Gerakan Occupy Wall Street sering dipuja. Banyak yang mengingatnya sebagai kisah heroik yang nyaris sempurna.
Narasinya gampang menyebar. Cerita tentang rakyat kecil yang bangkit menantang kaum kaya serakah.
Slogan “Kami adalah 99 persen” menempel di kepala. Ia jadi simbol perlawanan yang terasa kuat di banyak negara.
Seolah-olah mewakili semua suara rakyat yang ditindas oleh sistem yang rusak. Gambarannya rapi, mudah dicerna, dan nyaman dipercaya.
Tapi kalau kita kupas pelan-pelan, ceritanya tidak sesederhana itu. Aslinya jauh lebih berlapis, penuh nuansa abu-abu, dan bagian ini jarang diomongkan.
Mulai dari pertanyaan dasar, siapa sebenarnya para pengunjuk rasa itu? Mereka memang berkemah di Zuccotti Park.
Banyak orang membayangkan mereka kaum miskin kota, para pekerja yang baru di-PHK, atau keluarga yang kehilangan rumah. Kenyataannya lebih rumit. Berbagai survei waktu itu memberi gambaran lain.
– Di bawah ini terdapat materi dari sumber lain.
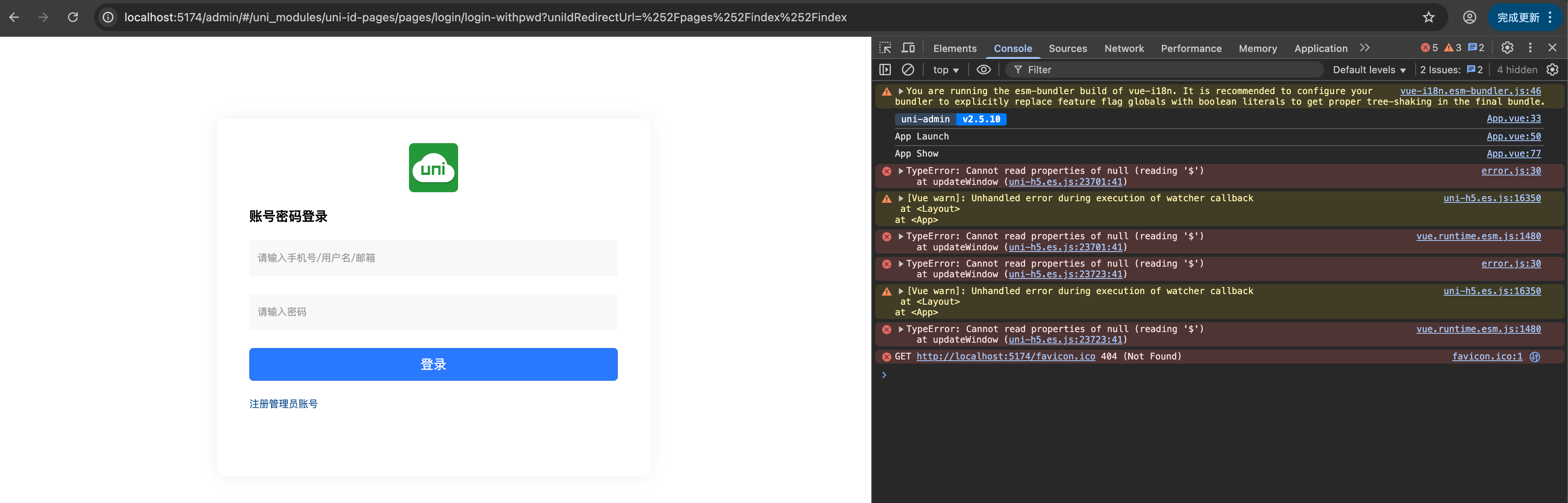 uni-admin的登陆页在uni-app中疑似因为没有使用顶部和左侧边栏模板导致Cannot read properties of null (reading '$') 报错
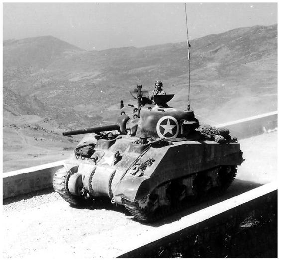 A 757th Tank Battalion M4A3 (76-millimeter) crosses the Po River on 26 April 1945. After soldiering with the oldest tanks in the arsenal into 1944, tankers in Italy caught up with their counterparts in the European theater by early 1945. SIGNAL CORPS PHOTO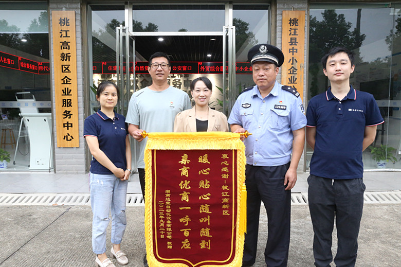 9月20日,桃江高新区一企业负责人将印有“暖心贴心随叫随到 亲商优商一呼百应”16个大字的锦旗送到园区企业服务中心工作人员手中,感谢园区管委会和当地派出所为其追回1000余元加工费。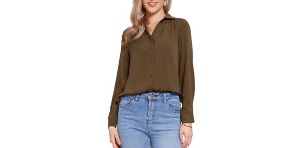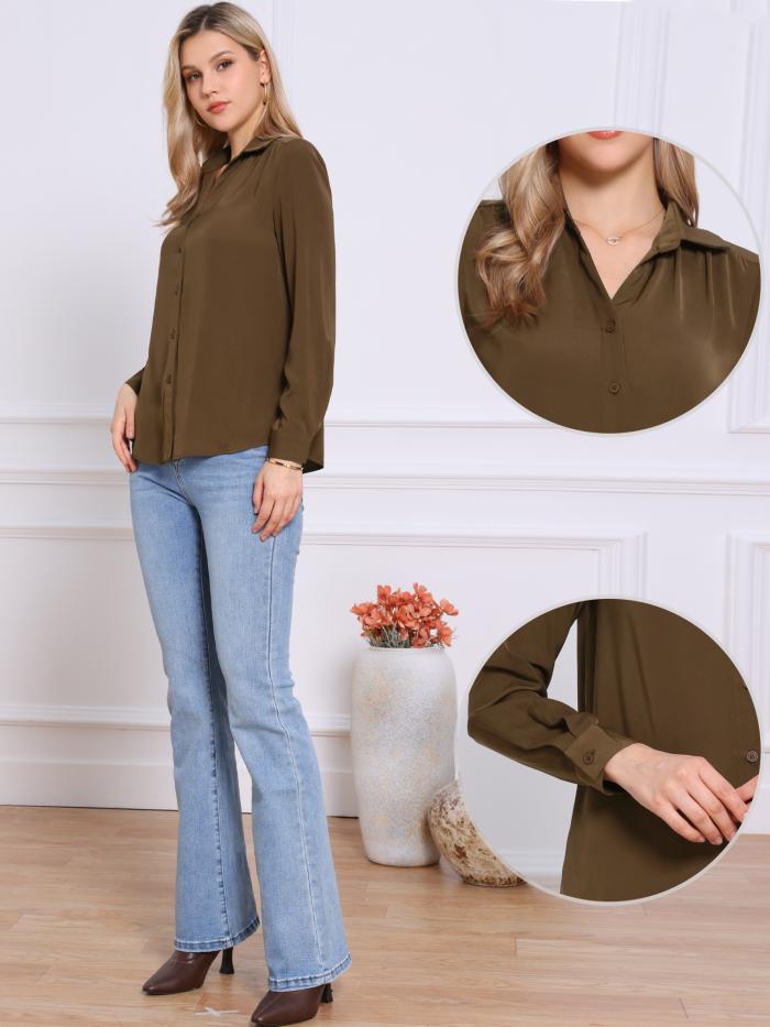 【属性3】このカジュアル シャツは、ラペル カラー、長袖、ボタン ダウン、V ネック、フロントのシャーリング、軽量、無地など、いくつかのデザイン ポイントで構成されています。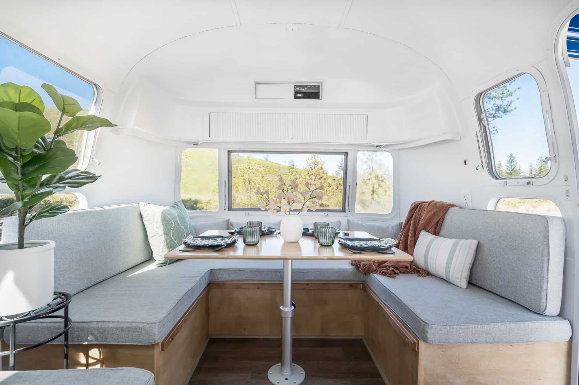 Front living area with custom built dinette that converts to a full sized bed

Studi CUNY pada 2011, misalnya, menunjukkan temuan penting: mayoritas peserta berpendidikan tinggi, banyak yang bergelar sarjana, bahkan lebih.
Kebanyakan berasal dari keluarga kelas menengah. Mereka tentu merasakan dampak krisis dan cemas soal masa depan. Hanya saja, mereka bukan kelompok yang paling rentan.
Fakta ini tidak menihilkan nilai protes, tetapi meluruskan narasi yang terlanjur mapan tentang suara kaum paling tertindas.
Lalu soal strategi. Gerakan ini sengaja tidak menyusun daftar tuntutan yang jelas.